L’écrivain public, ancêtre du journaliste, rédige pour qui ne peut le faire, courriers administratifs et missives de tout type. Le cireur de chaussures redonne du brillant à nos souliers, tandis que le chanteur de rue, seul ou en groupe, nous ravit de son répertoire de musiques traditionnelles antiques. Pour faire plaisir à sa belle, offrons-lui les services de la dessinatrice de henné, ou bien un bouquet de roses auprès du jardinier ambulant, qui transbahute sa cargaison de plantes et de fleurs dans son caisson roulant. Si un petit creux se fait sentir, pas de panique, les vendeurs de fruits, de légumes ou de jus ne sont pas loin. On croise aussi le vendeur de cigarettes au détail ; ainsi que les vendeurs ambulants de café ou d’eau, l’égoutier qui débouche les canalisations, la prédicatrice prête à vous sortir ses mystifications, et même le vendeur d’encens et de plantes à brûler, auquel on fait appel pour remercier Dieu ou conjurer les djinns. Le seul petit métier qu’il nous convient de voir s’éteindre, c’est celui d’arracheur de dents ; la modernité et ses règles d’hygiène sont cette fois les bienvenues !
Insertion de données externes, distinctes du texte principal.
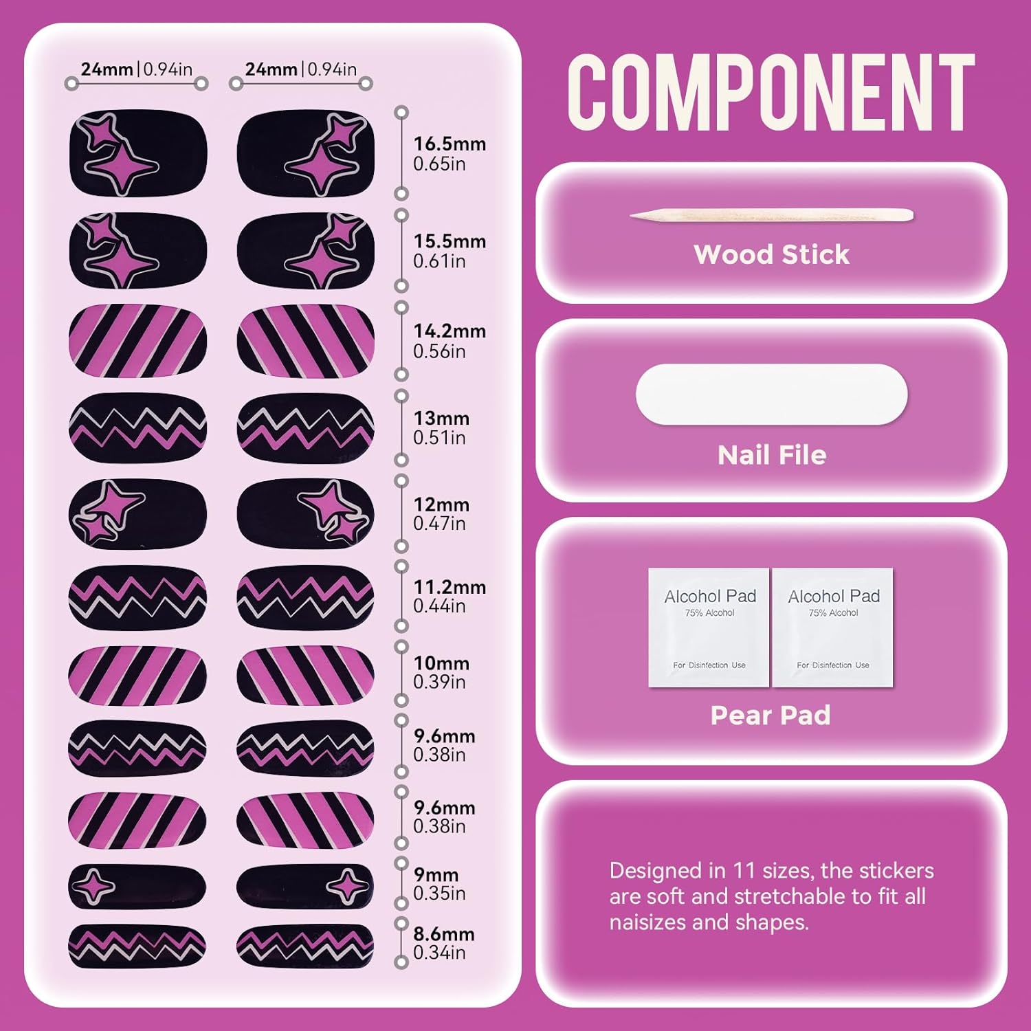 - 【Gel Nail Sticker Set】This no-bake gel nail sticker set includes 22 pcs of gel nail stickers in 11 distinct sizes, along with 2 preparation pads,a nail file,and a wooden stick
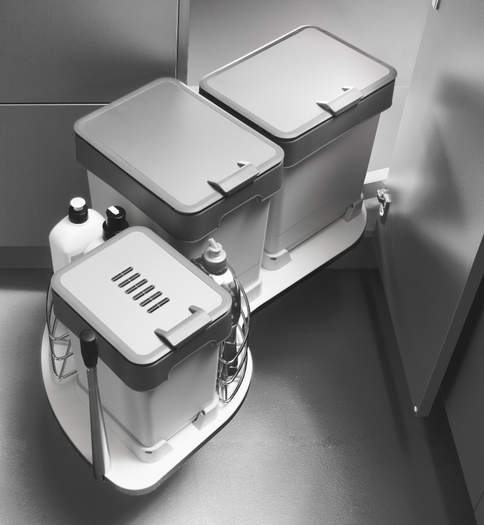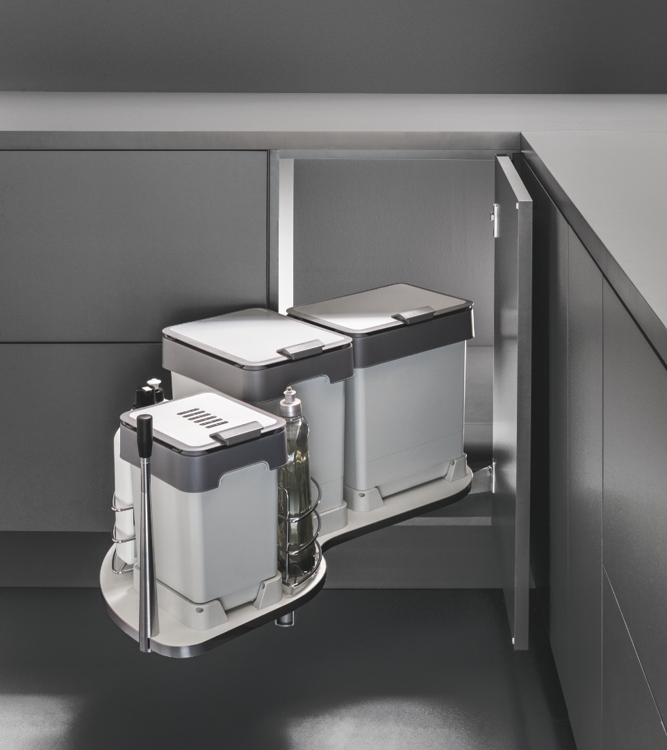 Uniko Patt is a waste recycling bin system designed to optimize space within a corner cabinet.

La figure de la place des épices, Khadoj, la plus ancienne vendeuse de henné du coin. La mémoire des lieux, c’est elle. Indétrônable, elle occupe son territoire de 5m2 de pied ferme. Il faut la voir, assise en tailleur à même le sol, au milieu des passoires et balances, écrasant énergiquement une montagne de henné frais d’un mouvement puissant et mille fois répété, du haut de ses 80 ans… Elle raconte que cela fait 60 ans qu’elle travaille ici. Son mari est mort il y a 7 ans, elle continue leur œuvre commune. Infatigable, elle broie inlassablement son henné de Ouarzazate, tous les jours sauf le vendredi. Elle et ses 2 employées réduisent en poudre 14 kg de feuilles de henné par jour. Les hammams du quartier se fournissent chez elle, car “quand on veut du henné sur la place, on vient chez moi”. Ainsi, celle qui vient des montagnes de Benguérir est devenue, au fil du temps, une vraie marrakchia, qui aime sa place passionnément : “l’ambiance ici est extraordinaire. Cette place est la plus merveilleuse de la ville, on y trouve tout. Tous les produits naturels, et même des poulets, des dindes et des lapins, juste derrière !”, dit-elle en riant, tandis qu’autour d’elle se pressent respectueusement les clients, inconditionnels de son style comme de sa compétence.